Well, he was just sitting on his ass through most of the previous movies. I don't mind character development either to be honest. Endgame could potentially have a long segment with only him or him with someone else having a long-winded conversation?

screenrant.com: Avengers 4 Title Confirms Doctor Strange 'End Game' Theory
Then there's this article, which is a rather interesting read on End Game.


----------



## Aika the manokit (Jan 17, 2019)

I'm more pissed at Thor than thanos. Buries ax in thanos's chest instead of his head and just stands there like an idiot while thanos does that snap.... RAGE!!!!!!!!


----------



## Yakamaru (Jan 17, 2019)

Thanos be praised! \o/


----------



## Pipistrele (Jan 17, 2019)

He'll shitpost on FAF


----------



## Floofy Puggles (Jan 17, 2019)

Ricky Sixgun said:


> I'm more pissed at Thor than thanos. Buries ax in thanos's chest instead of his head and just stands there like an idiot while thanos does that snap.... RAGE!!!!!!!!

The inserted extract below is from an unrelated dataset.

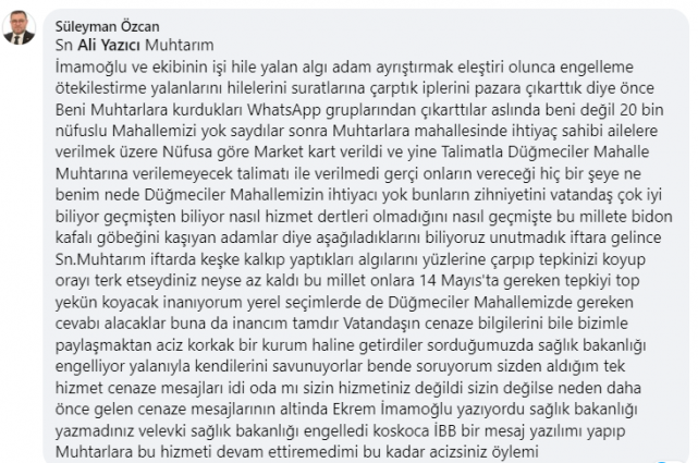 Tepkilerin hedefindeki İmamoğlu'na en sert eleştirilerden biriside Düğmeciler Mahallesi Muhtarı Süleyman Özcan'dan geldi. Özcan, 'İmamoğlu ve ekibinin mahalleyi ayrıştırdığını belirterek, İmamoğlu ve ekibinin işi hile yalan algı adam ayrıştırmak eleştiri olunca engelleme ötekilestirme yalanlarını hilelerini suratlarına çarptık iplerini pazara çıkarttık diye önce Beni Muhtarlara kurdukları WhatsApp gruplarından çıkarttılar aslında beni değil 20 bin nüfuslu Mahallemizi yok saydılar sonra Muhtarlara mahallesinde ihtiyaç sahibi ailelere verilmek üzere Nüfusa göre Market kart verildi ve yine Talimatla Düğmeciler Mahalle Muhtarına verilemeyecek talimatı ile verilmedi gerçi onların vereceği hiç bir şeye ne benim nede Düğmeciler Mahallemizin ihtiyacı yok bunların zihniyetini vatandaş çok iyi biliyor geçmişten biliyor nasıl hizmet dertleri olmadığını nasıl geçmişte bu millete bidon kafalı göbeğini kaşıyan adamlar diye aşağıladıklarını biliyoruz unutmadık iftara gelince Sn.Muhtarım iftarda keşke kalkıp yaptıkları algılarını yüzlerine çarpıp tepkinizi koyup orayı terk etseydiniz neyse az kaldı bu millet onlara 14 Mayıs'ta gereken tepkiyi top yekün koyacak inanıyorum yerel seçimlerde de Düğmeciler Mahallemizde gereken cevabı alacaklar buna da inancım tamdır Vatandaşın cenaze bilgilerini bile bizimle paylaşmaktan aciz korkak bir kurum haline getirdiler sorduğumuzda sağlık bakanlığı engelliyor yalanıyla kendilerini savunuyorlar bende soruyorum sizden aldığım tek hizmet cenaze mesajları idi oda mı sizin hizmetiniz değildi sizin değilse neden daha önce gelen cenaze mesajlarının altinda Ekrem İmamoğlu yazıyordu sağlık bakanlığı yazmadınız velevki sağlık bakanlığı engelledi koskoca İBB bir mesaj yazılımı yapıp Muhtarlara bu hizmeti devam ettiremedimi bu kadar acizsiniz öylemi..' ifadelerini kullandı.
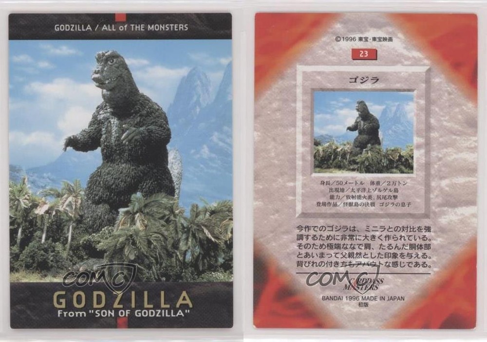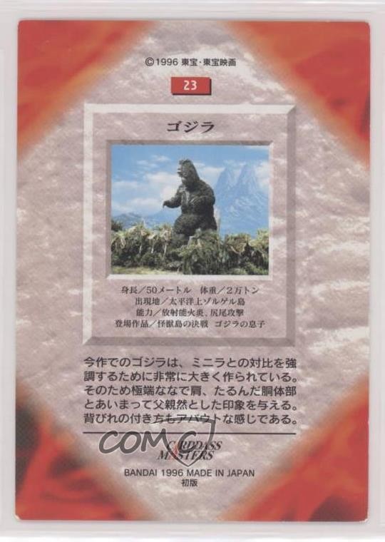 1996 Bandai Carddass Godzilla All of The Monsters - [Base] #23 Godzilla COMC Item: 110572917 - Non-Sports Card - Featuring Godzilla Search for more: 1996 Bandai Carddass Godzilla All of The Monsters Search for more: 1996 Bandai Carddass Godzilla All of The Monsters - [Base] View all of our Listings Auctions Buy It Now About Us Located in the beautiful Pacific Northwest, COMC (Check Out My Cards) is the world's largest consignment service for trading card singles. More than 10,000 people have used our consignment service to list over 50 million trading cards. Find out how we can help you consign your items on eBay by contacting us through eBay messaging. COMC -- "The Safe & Easy Way to Buy & Sell" Raw Condition for Modern Cards Unless otherwise noted, raw modern cards are listed in Near Mint-Mint condition or better. A NM-MT card appears to be Mint at first glance, but upon closer inspection, may exhibit some of the following: minor print defects (e.g. roller marks, print line, dimple), minor scratches, slight edge wear, and slight corner wear. Centering is clearly visible in the images provided and does not factor into our condition assessment. Raw Condition for Vintage Cards Unless otherwise noted, raw vintage cards are listed in Excellent condition or better. An EX card may exhibit some of the following: minor rounding of corners, surface wear, print defects, light scratches, and slight edge wear/chipping. Centering is clearly visible in the images provided and does not factor into our condition assessment. Domestic Shipping Combined shipping for multiple items is available. To receive combined shipping, please ensure all desired items are in your eBay shopping cart before proceeding to checkout. eBay limits orders to 40 items per order. We automatically combine multiple orders placed on the same day. If you place multiple orders on the same day, please contact us to request a refund of applicable shipping costs. Signature confirmation may be required on invoices over $400. All cards are protected and shipped securely. International Shipping COMC offers eBay's International Shipping (EIS) for international orders under $2,500* (see country exceptions below). All duties and import fees are paid at checkout; in the rare event that there are additional import fees upon delivery, these are borne by the buyer. EIS packages route through a shipping hub in Erlanger, KY before shipping to their final destination. Please note that EIS does not allow for combined shipments. The shipping rates are determined by eBay and cannot be adjusted. *Maximum sale price exceptions: Colombia, Kuwait ($2,000); Taiwan ($1,539); Chile, Costa Rica, Guatemala, Honduras, Trinidad and Tobago ($1,000); Antigua and Barbuda, Aruba, Belize, Dominica, Grenada, Philippines, Saint Kitts and Nevis, Saint Lucia, Montserrat, Turks and Caicos Islands ($500); Dominican Republic, El Salvador ($200). Please request a shipping quote through eBay messaging for orders that exceed the maximum sale price supported by eBay's International Shipping. You will be responsible for all duties and import fees for international orders shipped outside the EIS. All cards are protected and shipped securely. Payment COMC does not accept offers on our cards through our eBay storefront. COMC utilizes eBay’s managed payments system. If you are experiencing difficulties making a payment, please contact eBay for assistance. Return Policy Returns are only accepted on the rare occasion the item is not as described. If you are making a return, please initiate the return process through eBay so a mailing label can be provided for you. Prior to listing, our expert team carefully assessed this item to represent it accurately. Please review the description and high-definition images prior to purchasing to ensure this item meets your satisfaction. We welcome you to contact us if you have further questions about this item. Trust and Integrity COMC carefully assesses each item consigned to us to prevent fraudulent items from entering the marketplace. If you believe an item offered on COMC may be fraudulent, please contact us with details so we can investigate the issue. Items we determine are outside our supported items policy may be removed. Last Modified: 6/11/2025 2:25:56 PM PDT

I am more pissed at peter for pretty much fucking everything up.


----------



## Yakamaru (Jan 17, 2019)

Floofy Puggles said:


> fucking


Why do you do this? And here I thought you were pure, innocent and... Puggles. :V


----------



## Infrarednexus (Jan 17, 2019)




----------



## Floofy Puggles (Jan 17, 2019)

Yakamaru said:


> Why do you do this? And here I thought you were pure, innocent and... Puggles. :V


:sob: What????


----------



## Yakamaru (Jan 17, 2019)

Floofy Puggles said:


> :sob: What????


:sob:

I love you too.


----------



## Floofy Puggles (Jan 17, 2019)

Yakamaru said:


> :sob:
> 
> I love you too.


 x3! Yay! *Gives the thanosevilwoofer a huggle* :3


----------



## jteague55 (Jan 31, 2019)

duuuuuude thanos finna get smacked by Captain Marvel im calling it


----------